Another key factor is the type of chat agent, namely human agents or chatbots. Decision makers must balance the use of human agents that generate higher training and compensation costs versus the use of chatbots. But what Folse and her coauthors show is that task-focused customers tend to be equally satisfied with either chatbots or human agents whereas more hedonic customers find that a human agent creates a more enjoyable shopping experience. For example, if I’m looking for a travel mug that doesn’t spill my coffee when I’m driving over roads that are rough or under construction, I may not find a verbatim script of its specifications or a summary of what customer reviews have said that compelling. I may simply want someone who has used the product or knows someone who has used the product to vouch for it or talk about their personal experience with it. That human touch might be more of a difference maker for me in my product decision.

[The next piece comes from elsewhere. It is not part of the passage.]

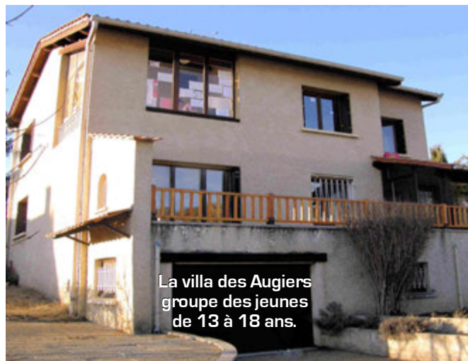
La villa des Augiers groupe des jeunes de 13 à 18 ans.
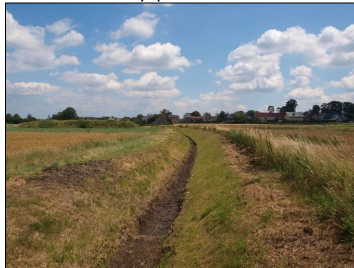
Fot. 8 Rów w dolinie Gostyni, północna część obszaru

At the very least, chat protocols should incorporate motive-identifying questions so that customers are routed and categorized appropriately and as early in the funnel as possible. Knowing their customers’ goals will thus help firms remain cost effective and act in a manner that keeps customers satisfied.
What Should Your Firm Do?
Businesses will need to fit existing personal characteristics — such as those goals and demographics — to align with the environment of firm services provided and firm agents available. Demonstrating active participation in dialogic, co-creative online chat with high levels of preference sharing exchanges can enhance satisfaction during the pre-purchase phase.
Firms should keep in mind, though, that the effects of online chats are contingent on the motives of and the similarity between the online chat actors and the nature of the exchange. Thus, the value of co-creation in these interactions is necessary for utilitarian customers, and the firms must facilitate this process in order to truly satisfy customer needs.
While chatbots improve efficiency, human agents are still preferred for certain customer needs. If your products and services attract consumers who value this sort of shopping experience, take note, as you may always need to keep a human in the loop to some degree. Firms will likely need to integrate both chatbots and human agents in order to handle initial inquiries consistently, allowing human agents to step in when necessary.
This personalized communication helps firms identify customer motives early in the chat and can tailor the communication accordingly. Utilitarian customers benefit from structured, problem-solving interactions whereas hedonic customers prefer a more social and engaging conversation through online chats. Since customer-agent similarity detracts from information sharing goals for utilitarian-motivated customers, understanding these differences is essential for the firm to best optimize customers’ experiences.